▶ Data records
◆ ◆ ◆
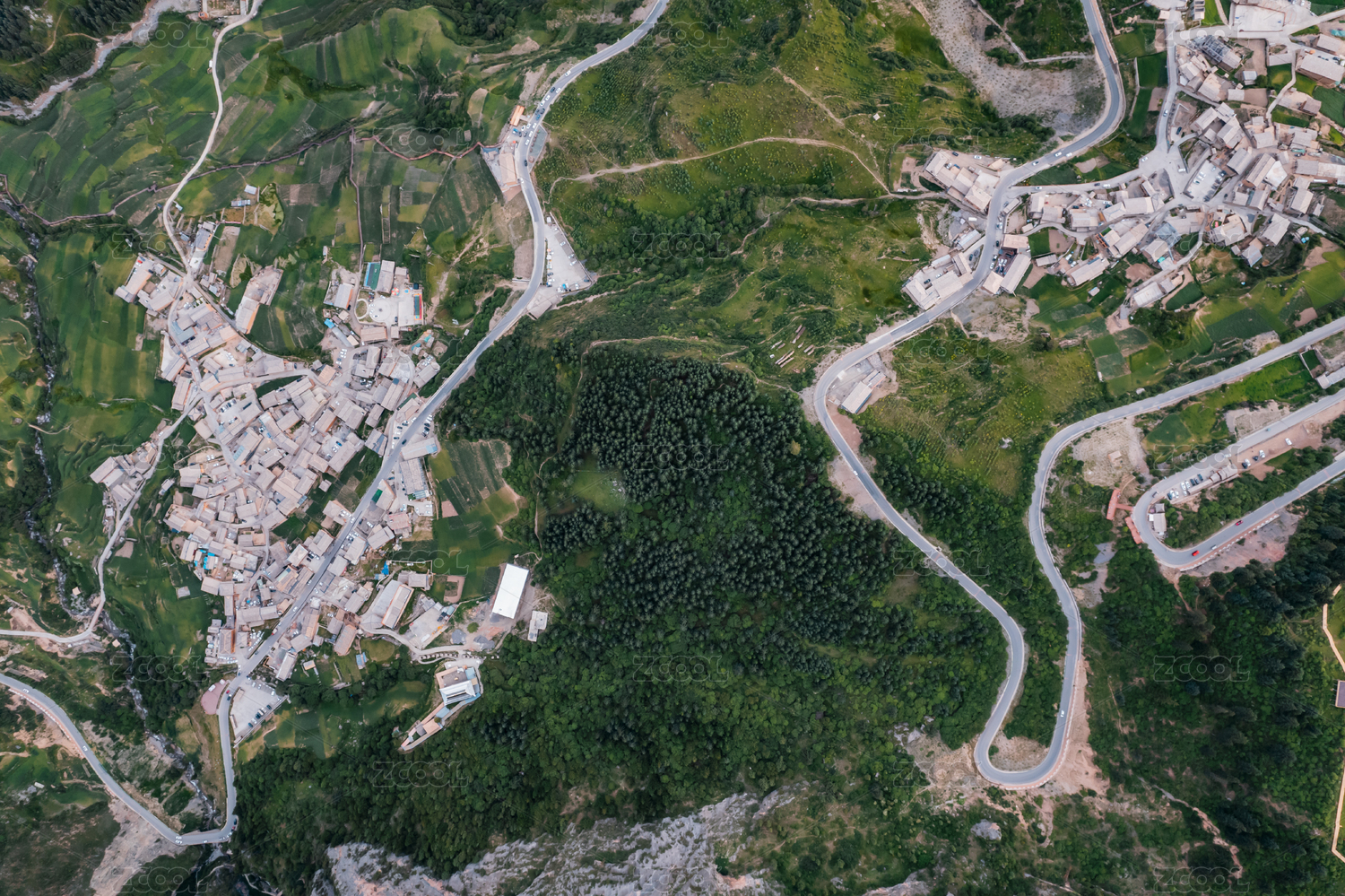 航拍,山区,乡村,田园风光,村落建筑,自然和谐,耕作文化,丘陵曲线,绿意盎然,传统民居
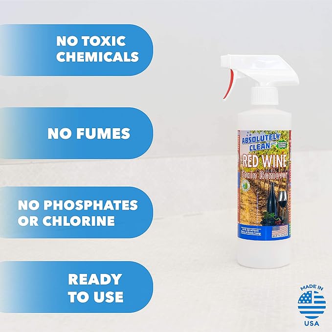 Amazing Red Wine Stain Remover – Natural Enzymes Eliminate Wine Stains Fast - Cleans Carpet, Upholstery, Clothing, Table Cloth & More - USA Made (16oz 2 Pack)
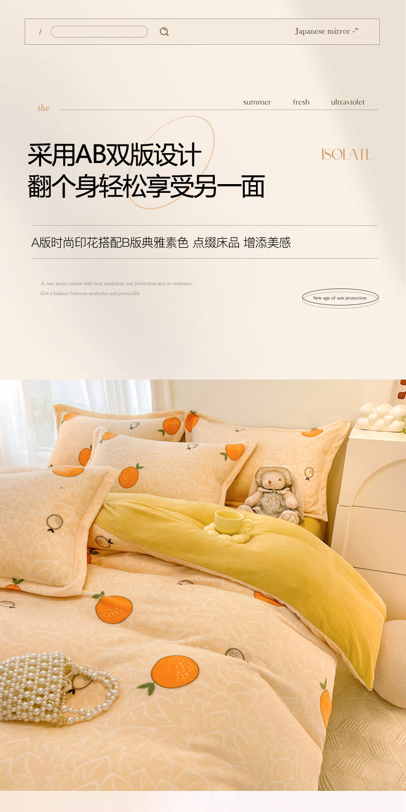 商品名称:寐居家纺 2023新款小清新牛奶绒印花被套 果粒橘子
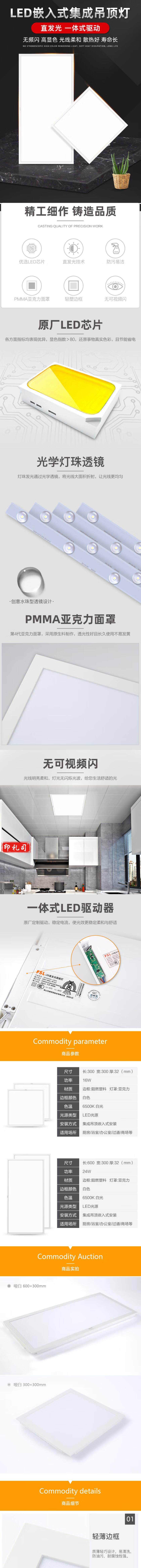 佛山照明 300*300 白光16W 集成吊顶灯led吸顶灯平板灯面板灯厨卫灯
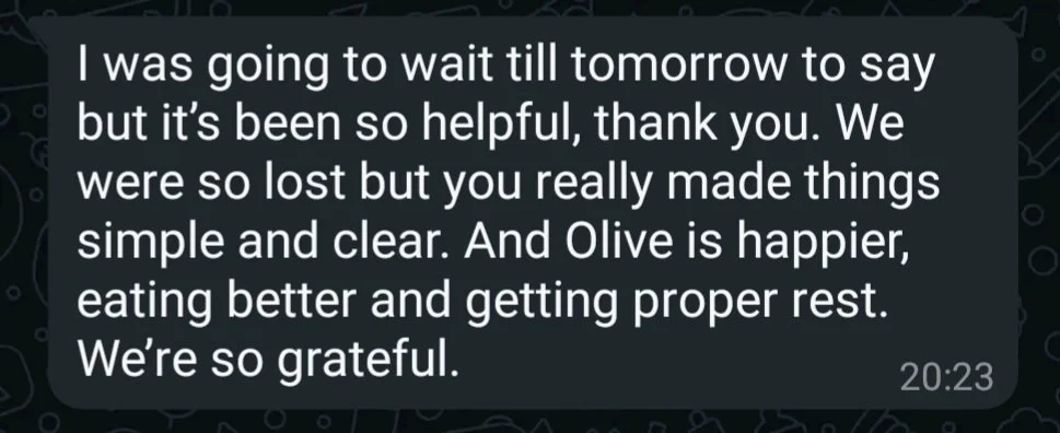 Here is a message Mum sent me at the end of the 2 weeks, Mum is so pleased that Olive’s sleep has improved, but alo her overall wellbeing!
◆ ◆ ◆
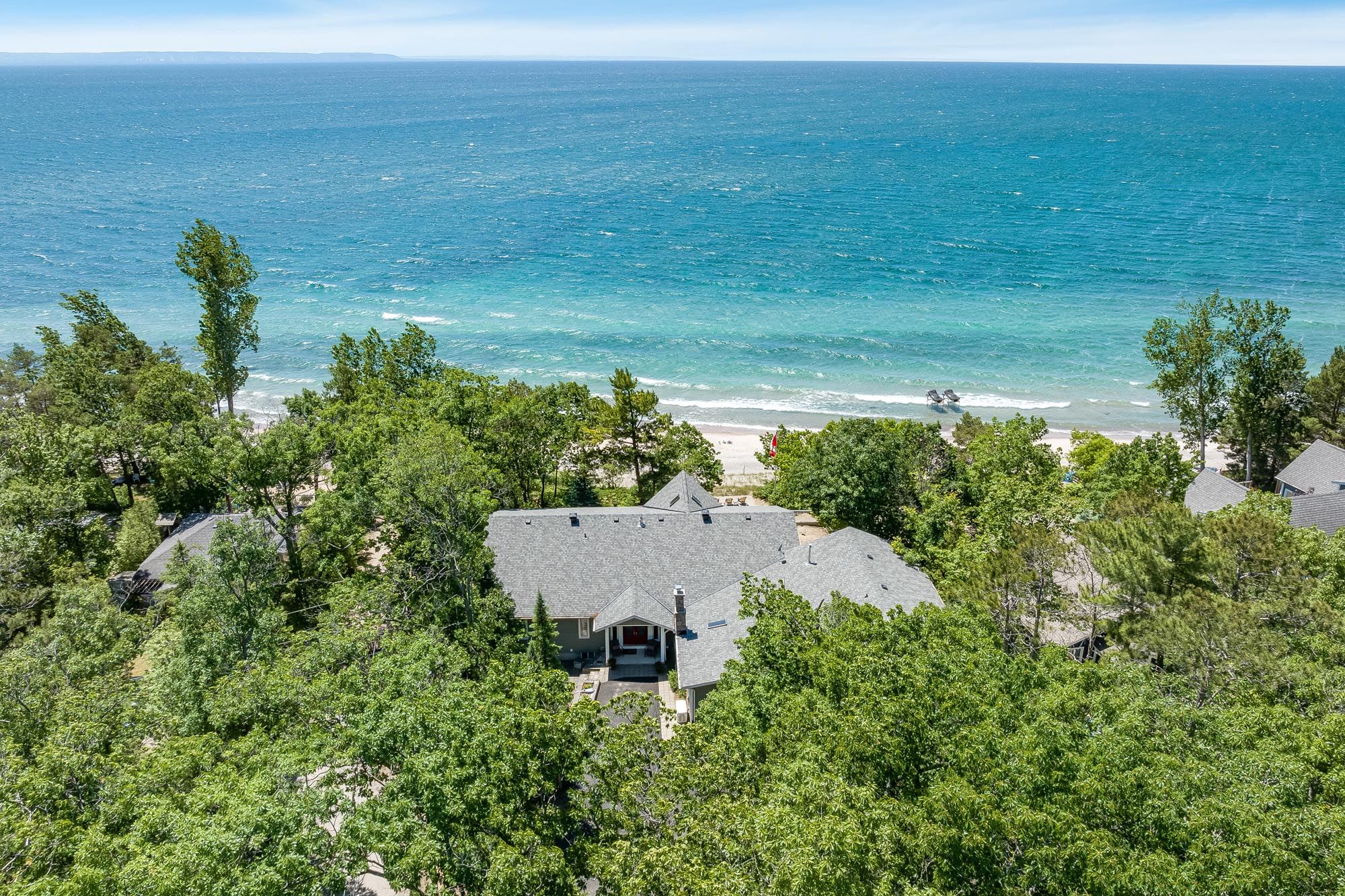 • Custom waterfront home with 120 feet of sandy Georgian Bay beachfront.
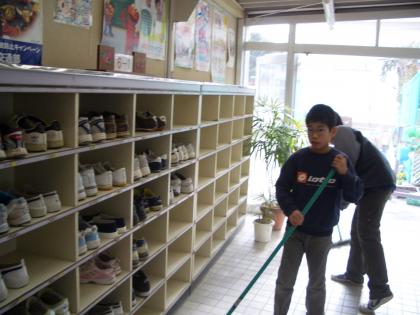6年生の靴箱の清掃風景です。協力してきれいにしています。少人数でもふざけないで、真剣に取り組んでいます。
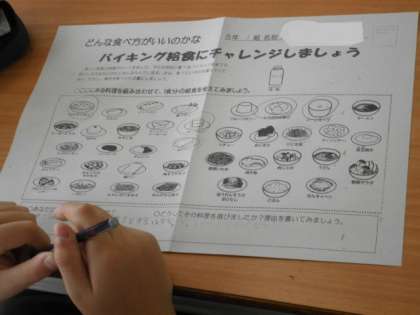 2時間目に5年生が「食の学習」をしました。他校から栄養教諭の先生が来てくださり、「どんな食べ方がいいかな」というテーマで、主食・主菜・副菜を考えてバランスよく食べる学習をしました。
◆ ◆ ◆
▶ Task directions
Without the pictures, give again exactly the lines above starting at the line containing "佛山照明 300*300 白光16W 集成吊顶灯led吸顶灯平板灯面板灯厨卫灯" and ending at the line containing "Here is a message".

▶ Solution to this exercise
 佛山照明 300*300 白光16W 集成吊顶灯led吸顶灯平板灯面板灯厨卫灯
 Here is a message Mum sent me at the end of the 2 weeks, Mum is so pleased that Olive’s sleep has improved, but alo her overall wellbeing!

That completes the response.